The Ride- Jonathan Rodebaugh

Jonathan Rodebaugh

Ms. Pahomov

9/19/18

The Ride

I start to walk up the long side walk of Frankford Transportation Center. It was my first day taking Septa by myself. I was shaking, every person I saw seemed like they were staring right through me. I walked into the building of the transportation center. I felt clueless even though I knew where to go. Throughout my childhood I have taken the L with family and felt fine about it, but sometimes I just feel really insecure about the little things. For example, if I accidently took something that wasn’t mine, I would have nervous breakdowns and not be able to sleep.  In the building I asked a million questions, just to make sure I was going in the correct place. I stepped onto the escalator that looked a mile long, as it crept higher I felt my heart pounding louder and louder.

As I got on the train, I was still unsure on what I was supposed to do. The train was mostly empty, except a man in the back. He had headphones on and a black hoodie. I asked him if the train went to my destination. He gave me an unclear answer that made me a little more uneasy. The door closed and there was no turning back now. As the train started to move, fear spread all through my body, The only thing I could think about was how many stops were left till my stop.  As the train got closer, I got more anxious. When I am a little worried about something, I get super stressed, and that is what was happening. I kept reminding myself that I had done this before and been fine. My brother, just a week before, showed me step by step on what to do. Now I felt like I forgot everything.

The almost empty train felt so cold. I was sitting alone, feeling lonely and nervous. I felt weird because I was alone, usually, I would  have a brother or a friend to talk to and just keep me company. In replacement I just have me and my thoughts. At this moment, my thoughts just sounded like a million people screaming at me. I couldn't even think, my head felt like it was going to explode with anxiety. I was counting down the stops, and also trying to pass the time until it was my turn to get off the train.  Finally, it was my stop. It felt like I was on there for hours. As I got off the train I let out a big sigh of relief. I have almost accomplished my journey. I walked on the dirty tile of 13th street station, I felt free being off the train. I neared the trolley stop, and was excited to almost be done, but I just got nervous all over again.

I arrive at the trolley stop, the automatic doors open and I walk up the steep steps and find an empty seat in the trolley. I sat down and my shaking began again. I just stared at the outside the window to make sure I did not miss my stop. Then a girl who looked about my age noticed my anxiety, and asked me, “Hey, are you ok?” I said yes, and that I was just really nervous. This was the first time in my trip that I was at ease, because someone related to me. Then I noticed my legs shook a little less than before. I had a renewed belief in myself that I could accomplish this trip.

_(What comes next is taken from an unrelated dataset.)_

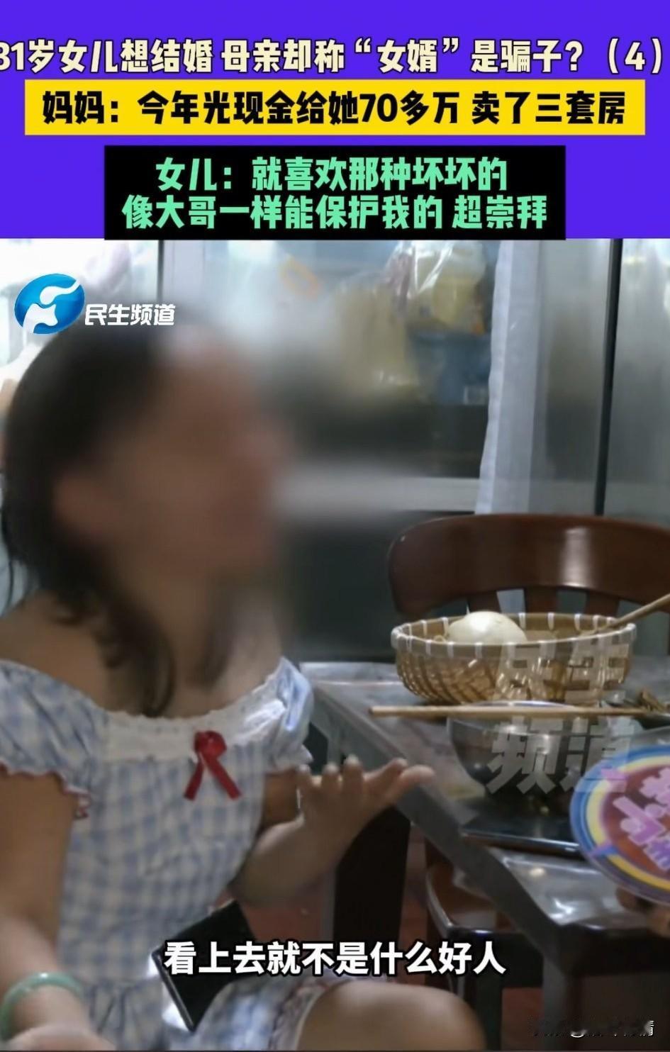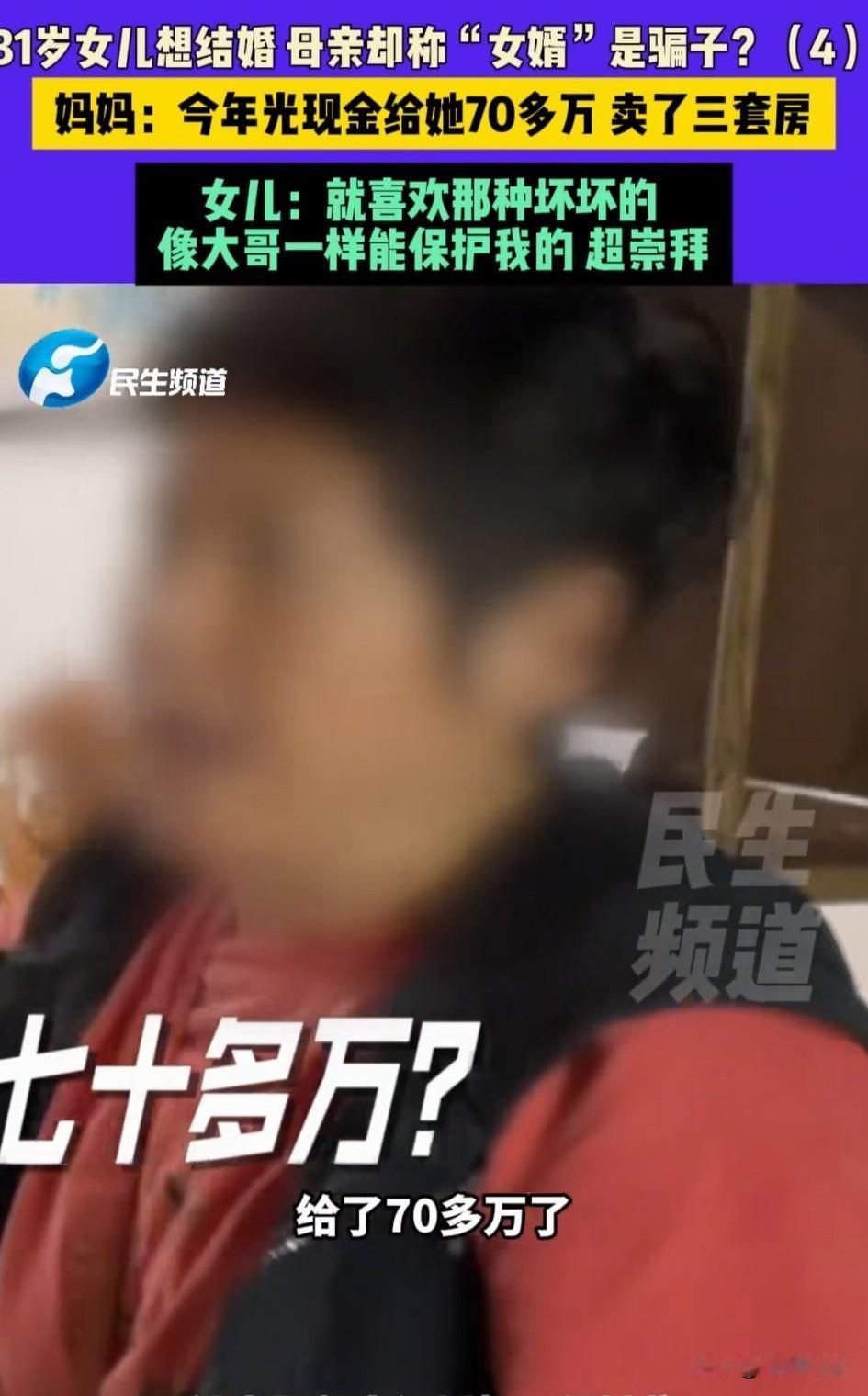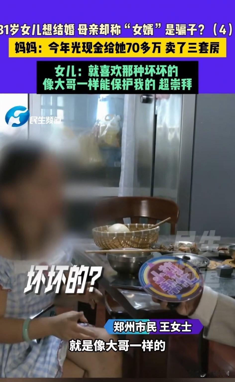 31岁郑州大龄优质女和妈妈吵架, 我就要嫁给他, 妈妈认为女友的的男朋友是骗子, 女儿对着妈大吼大叫, 女儿认为妈妈给男友要房产证, 男友不给母亲就说对方是骗子, 这让自己非常生气, 表示她无凭无证不能说我对象是骗子, 我和他都同居过, 女孩的妈妈表示今年光给对方现金都70多万了,天天变着法的要钱, 自己家元月份到现在都卖了三套房, 家底都快被这个准女婿掏空了 女生也是恋爱脑, 妈妈越阻止她越是想要和对方在一起, 还表示自己要去英国和婆婆住一起, 还没结婚都幻想着去英国和对象妈妈在一起住。 女生妈妈给对方一家打电话对方都不接,这女生估计是恋爱脑上头了, 对方要是正常人家也么会这样, 不和亲家母见面只要钱, 还想诱骗女生去英国, 妈妈也是愁死了, 找来记者调解, 女孩告诉记者她男朋友和她一样就是他让你干嘛你不干嘛他就生气了, 所以不和我家人见面, 自己是非常喜欢那种坏坏的, 看着像大哥一样的可以保护自己的, 就是那种一出场看上去就不像好人的那种,超崇拜的! 她母亲在旁边都听不下去了, 问她,他家在哪呢?你知道吗?你去过吗?女生气的说我们都同居过得! 还真是男人越坏女人越爱, 这样的女生太愁人了! 大家对于这样的郑州女生怎么看? 婚姻与家庭 一起聊聊爱情 爱情究竟是什么样子的 郑州情侣分手 河南女子的遭遇

The trolley rolled up to my stop, the doors opened and I hopped off. Then I started walking toward the steps up to the street. Each step up felt like a little more nerves were falling off my back, like a weight was being lifted. As I got to the outside, the light of the sun hit me in the face. That light felt like victory. Even though this might be a small accomplishment for some people it was huge for me. I walked up to my destination, then let out a big sigh of relief. I felt more independent, and that I could do something on my own and be okay.